Odd -- what route? I booked AL flights recently and couldn't select seats when I booked, even though I wanted to! I had to go back in with my flight details and enter a separate credit card transaction to select my seat.


----------



## Sunny (6 Sep 2007)

MugsGame said:


> Odd -- what route? I booked AL flights recently and couldn't select seats when I booked, even though I wanted to! I had to go back in with my flight details and enter a separate credit card transaction to select my seat.


 
Did they charge a credit card surcharge on both the booking and the seat reservation?


----------



## MugsGame (6 Sep 2007)

Nope, I'm not that much of a sucker. Don't think AL have separate card charges.


----------



## c71 (7 Sep 2007)

Re: the seat booking...

As far as I recall from my most recent booking (ORK - LHR)  your details are already finalised once you get to the seat booking screen. i.e. I got my booking number and then exited from the website ignoring the prompt to select seat.

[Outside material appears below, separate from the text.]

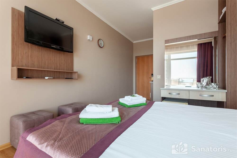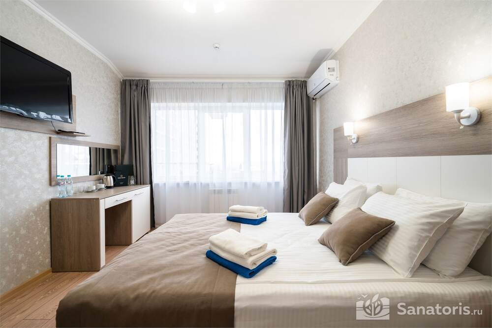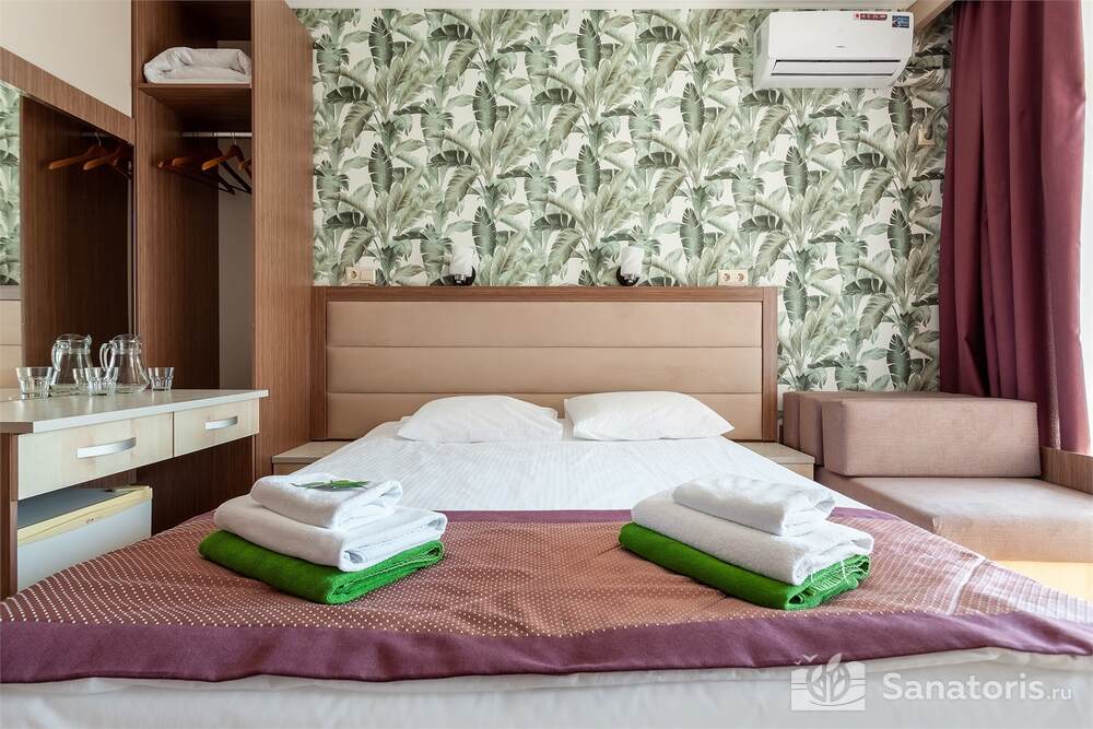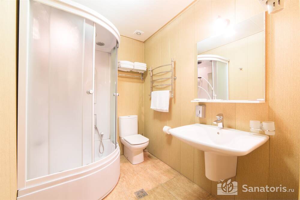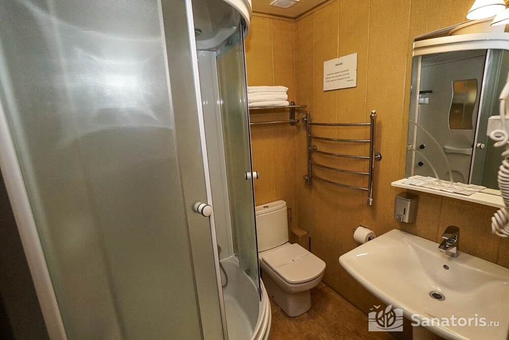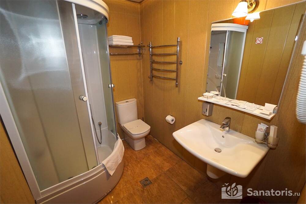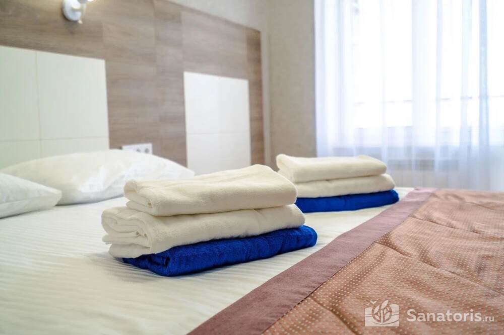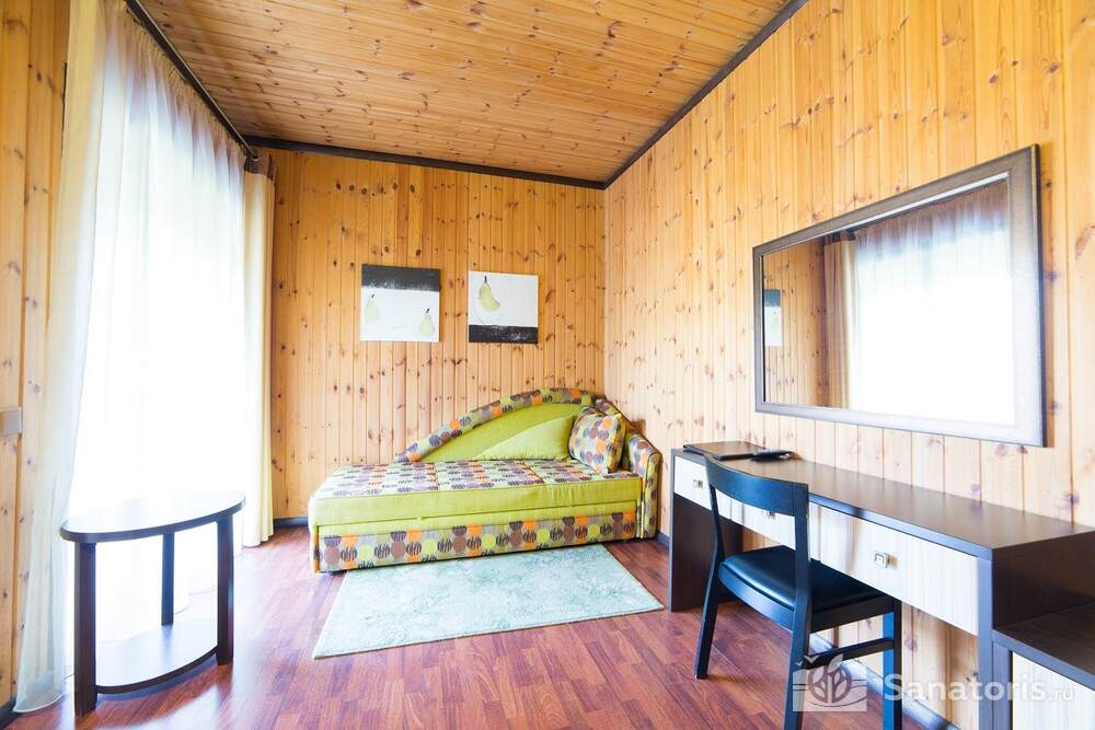 Всего в обоих корпусах одновременно могут проживать около 200 человек. Можно выбрать номера различных категорий. Они обладают всем необходимым для удобного проживания:
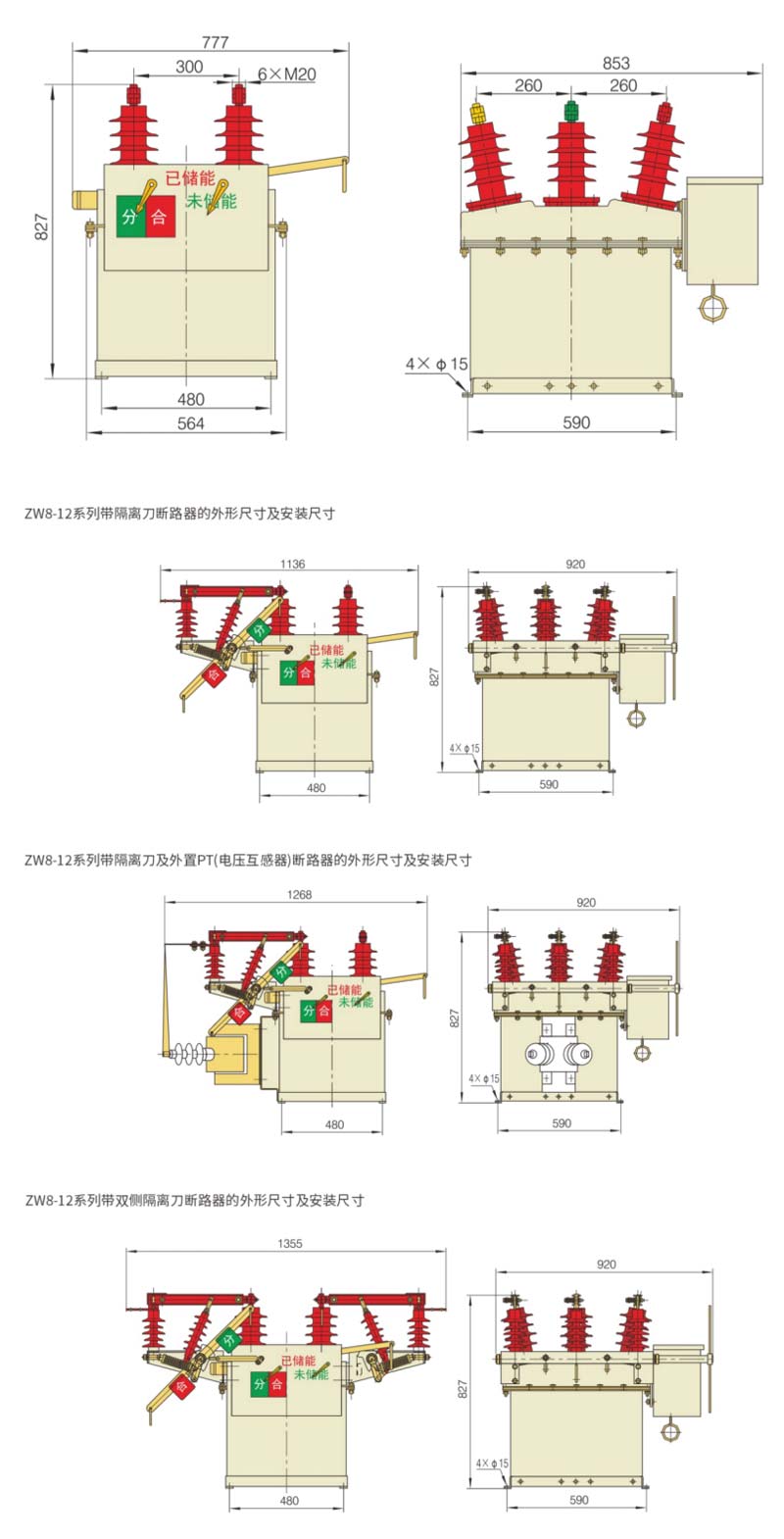Tablero de distribución de alta tensión trifásico CA 50 Hz para exteriores. Consta de un circuito de operación, un circuito conductor, un sistema de aislamiento, un sello y una carcasa, y su estructura general es de tipo caja común trifásica. Se utiliza en sistemas eléctricos rurales y urbanos de 10 kV, como controlador de corriente de carga dividida y combinada, corriente de sobrecarga, corriente de cortocircuito y otros usos similares.

Went to the airport early and then changed my seat allocation using the fast check in station. No charge incurred but I'm sure that's a loophole that Aer Lingus will cop on to eventually!

This trick may suit some, but not all - hope it helps!

C71


----------



## emmt (7 Sep 2007)

c71 is correct. your flight is booked and THEN you get the [strong]option [/strong]to select your seat on the confirmation page. You dont have to book a particular seat...


----------



## Staples (12 Sep 2007)

Thanks for the replies.  Yes, the seat selection requires a separate payment which would support the contention that it's really an "opt-out" (albeit a well-hiden one).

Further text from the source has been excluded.